Bitcoin ist aufgrund seiner begrenzten Geldmenge vor einer Inflation geschützt. Allerdings unterliegt die Nachfrage nach Bitcoin und damit die monetäre Prämie derzeit noch starken Schwankungen. Dies liegt am großen Einfluss von Spekulanten und daran, dass Bitcoin noch nicht ein über Jahrhunderte aufgebautes Vertrauen wie Gold genießt.
Es ist vor diesem Hintergrund nachvollziehbar und sinnvoll, Bitcoin mit einer gesunden Portion Skepsis zu begegnen. Die Kryptowährung bleibt ein riskantes Asset, der Erfolg ist nicht garantiert. Die Aussage, der faire Wert von Bitcoin sei null, lässt sich allerdings weder empirisch noch theoretisch begründen.
Aus Sicht der Empirie liegt die Marktkapitalisierung von Bitcoin aktuell bei rund 1,2 Billionen Euro, das entspricht ungefähr der Größe von Meta (ehemals Facebook). Bitcoin gehört damit nun bereits seit einigen Jahren zu den größten Assets der Welt.
Aus theoretischer Perspektive ist es nachvollziehbar, dass ein Vermögenswert mit Bitcoins Eigenschaften eine monetäre Prämie besitzt.
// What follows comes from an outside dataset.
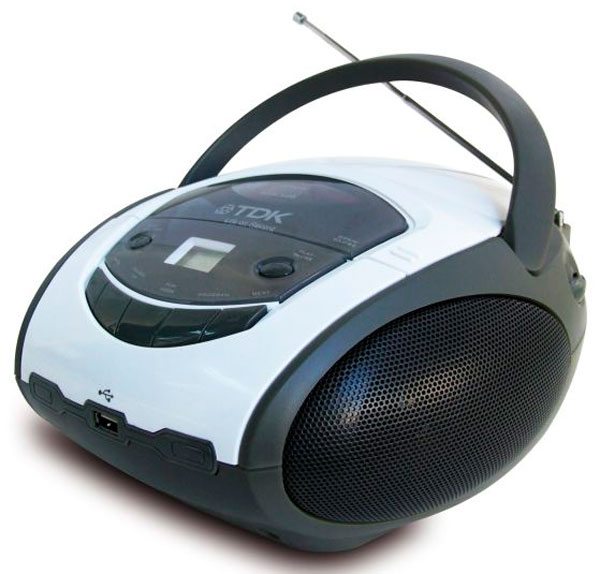 Les presentamos la nueva radio de TDK el TBC8717. Este es un sistema de audio portátil. Es una versión puesta al día del boombox muy común en los años 80. Con formas redondeadas y líneas en fuga, la combinación de colores (blanco y negro) que resulta muy actual. Los altavoces situados en los dos laterales, tapados por rejillas curvadas de color negro. En el frontal hay una diminuta pantalla informativa, que muestra la fuente que está seleccionada.

Es ist nicht nur teilbar, transportierbar, haltbar und fungibel, sondern zudem das erste Asset, das gleichzeitig digital, dezentral und knapp ist – eine Kombination, die vor Bitcoin kein anderes Asset geboten hat und die nur durch die Entwicklung einer völlig neuen Datenbanktechnologie namens Blockchain möglich geworden ist.
Diese einzigartigen Eigenschaften sowie die sich seit 15 Jahren verstärkenden Netzwerkeffekte sind es, die Bitcoin zu einem ernst zu nehmenden Vermögenswert machen, der sich gerade in einer Phase der Monetarisierung befindet und daher sowohl Risiko als auch Wachstumspotential mit sich bringt.